DEVELOPMENT OF STOCHASTIC MODELS FOR ANALYZING RANDOM PROCESSES AND THEIR APPLICATIONS IN MODERN PHYSICS
Keywords:
stochastic processes, Brownian motion, Langevin equation, Fokker-Planck equation, stochastic thermodynamics, fluctuation theorems, open quantum systems, stochastic quantization, stochastic gravitational wave background, multiple exciton generation, non-Markovian dynamics, physics-informed neural networksAbstract
Stochastic models provide a fundamental mathematical framework for analyzing random processes in modern physics, bridging microscopic fluctuations with macroscopic phenomena. This review traces the historical development from Einstein’s and Langevin’s foundational work on Brownian motion to contemporary applications in stochastic thermodynamics, open quantum systems, stochastic quantization (Parisi-Wu method), and the detection of stochastic gravitational wave backgrounds via pulsar timing arrays.

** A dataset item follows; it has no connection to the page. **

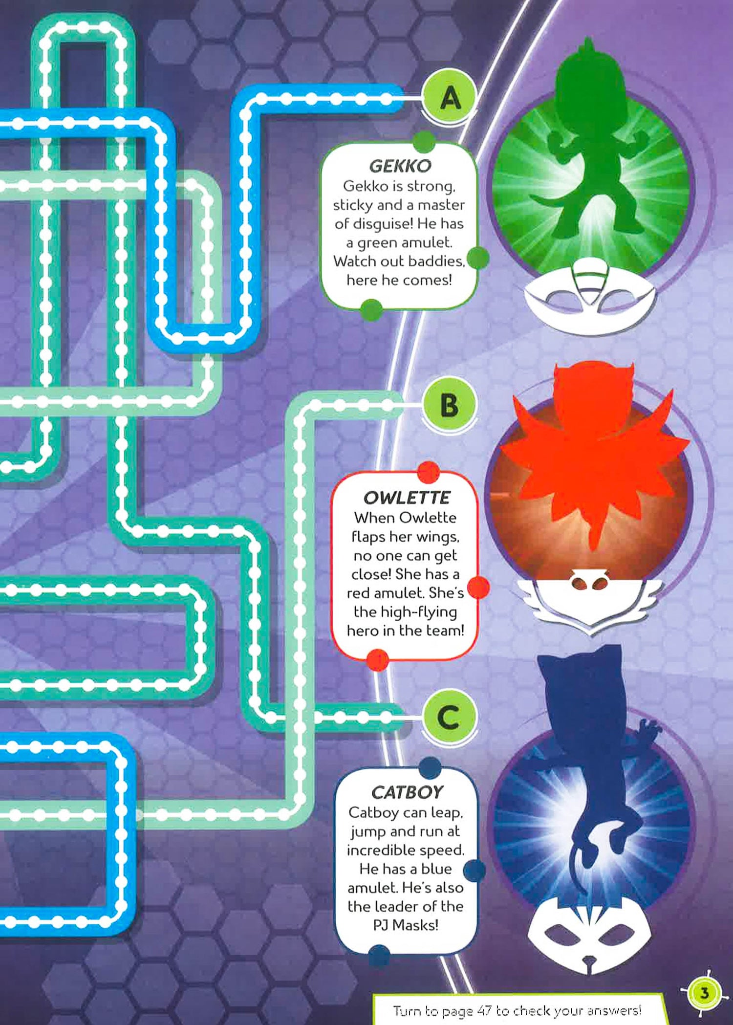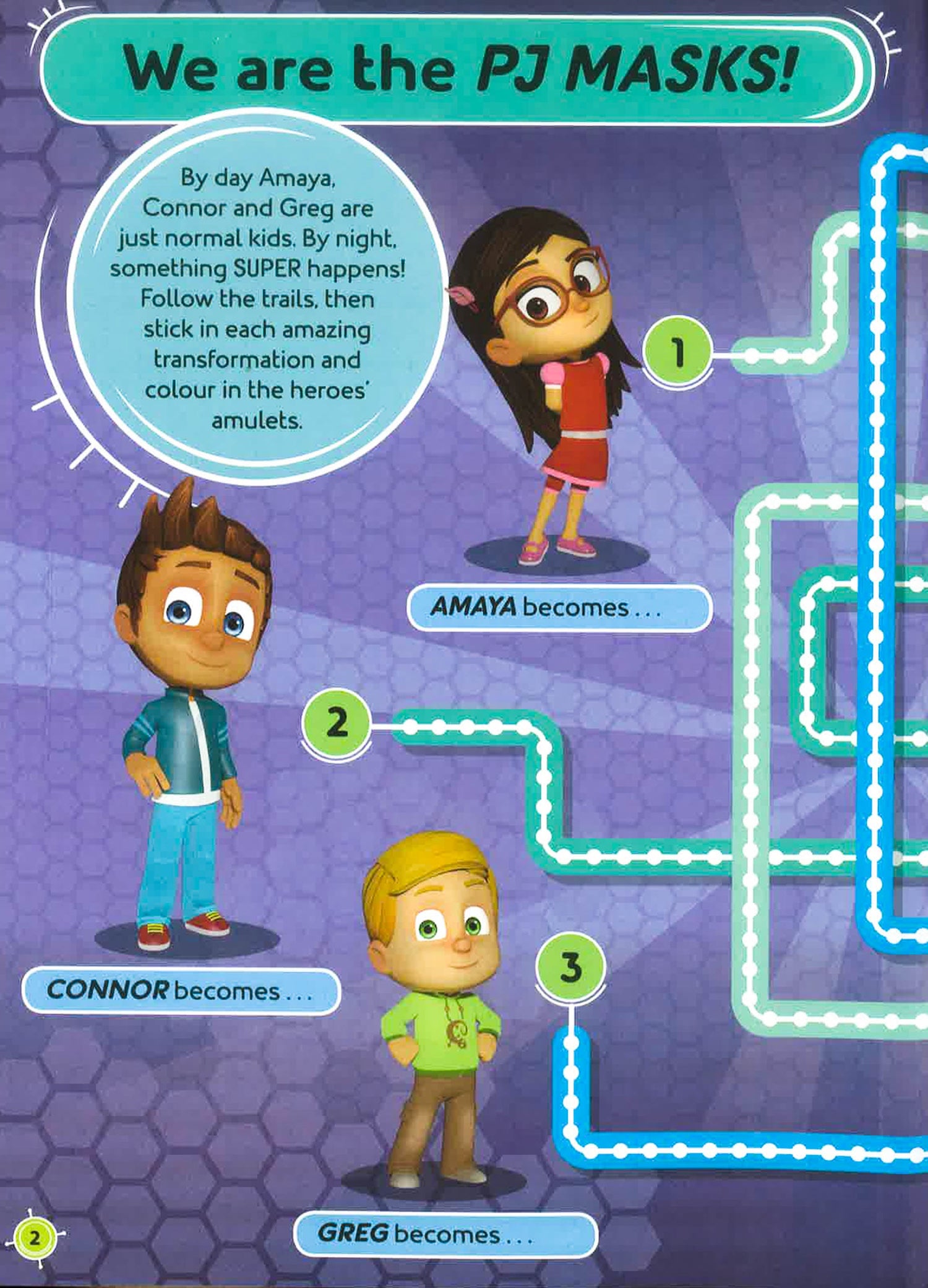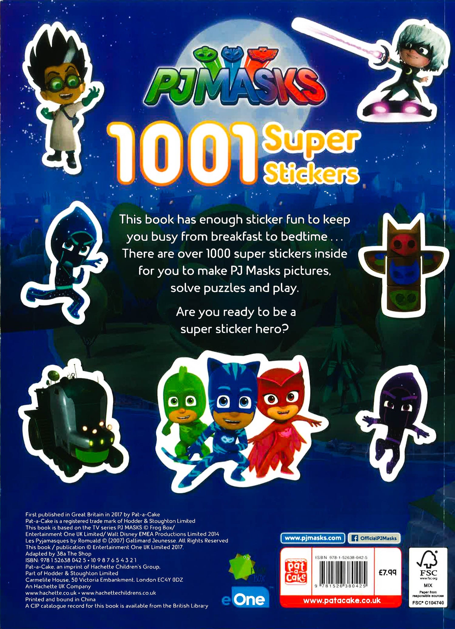 By day, they are Connor, Greg and Amaya, but by night they are Catboy, Gekko and Owlette, the PJ Masks. This mega sticker book has over 1000 stickers of the heroes, their vehicles and the villains and vital information about all of them, jam-packed into pages of super exciting puzzles, games and activities for hours and hours of PJ Masks fun. Can you help the PJ masks to defeat the baddies? It's time to be a hero!PJ Masks (c) Frog Box / Entertainment One UK Limited / Walt Disney EMEA Productions Limited 2014

Key mathematical tools include Fokker-Planck equations, Ito/Stratonovich interpretations of stochastic differential equations, fluctuation theorems, and unraveling techniques for density matrix evolution. These models enable the study of non-equilibrium systems, multiple exciton generation, decoherence in quantum systems, and non-Markovian dynamics. Integration with machine learning via physics-informed neural networks and emerging hardware implementations further expands their utility. Stochastic approaches are essential for understanding complex systems in statistical mechanics, quantum field theory, biophysics, and cosmology, offering predictive power where deterministic models fail.